Okay so I'm setting up for our first hedgie. A quick back story for anyone who didn't read my into. The hedgie is for my 16 year old daughter and we've never had one as a family pet yet. My wife and I raise tortoises so I'm used to building my set ups and making sure my little guys have everything they need. It's still a working progress so let me know if you see anything I should be doing differently. 

C&C cage is 13.5 square feet
3 sections on the top hinge up
I've made 3 fleece liners
A 3" pvc elbow 
An 8"x8" dig box with fleece scraps
I made the frame for my wheel (still need the roller blade wheel and cake top for it)
I also made the "no-sow" snuggle bag for it and added a strap so my daughter can sling it around her neck. 
I have (but not installed yet) a 60watt CHE, Zilla thermostat, mechanical timer, digital temp sensor and a 18" tube fluorescenc light 

I need to buy another 100w CHE and another dome for it. 
I still need the igloo house and food/water bowls. 
For toys I'm putting in a slit toilet paper tube, toy car, and a few cat toys. 

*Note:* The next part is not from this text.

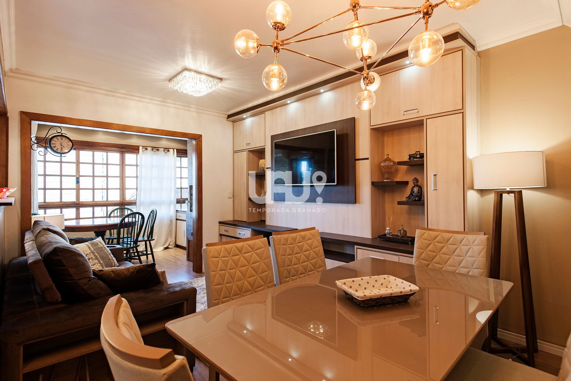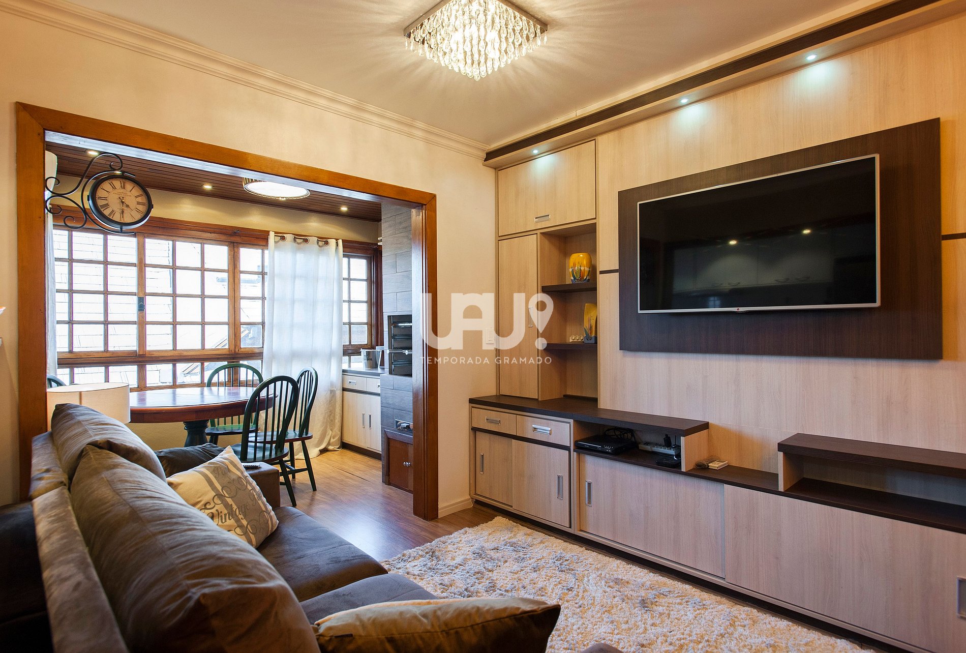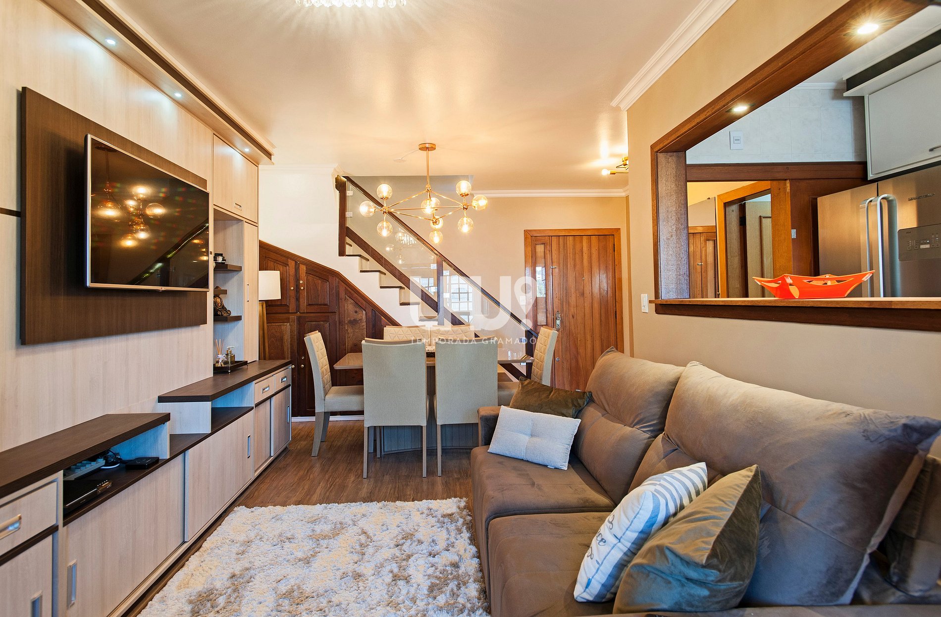 Living em dois ambientes. Sala de estar com SmartTV 50', Split quente e frio, sofá retrátil e jantar, com churrasqueira, integrado à cozinha em estilo americano, totalmente equipada;

What else should I do and do I have the cage set up okay???


----------



## Little charlie (Dec 8, 2014)

Pics didn't show up for some reason.


----------



## Little charlie (Dec 8, 2014)

For some reason I can only load 1 at a time


----------



## Little charlie (Dec 8, 2014)

Cage


----------



## Little charlie (Dec 8, 2014)

Elbow


----------



## Little charlie (Dec 8, 2014)

Wheel frame


----------



## nikki (Aug 28, 2008)

The cholorplast around the sides should be at least 8 inches high, babies can sometimes squeeze between the bars in a C&C cage.


----------



## Little charlie (Dec 8, 2014)

I don't know if she's getting a baby or adult yet. I have more coroplast to go higher if she gets a baby. Right now it's 4" high.


----------



## nikki (Aug 28, 2008)

Even for an adult it should be 8 inches high to discourage climbing as they can get injured if they climb and fall.


----------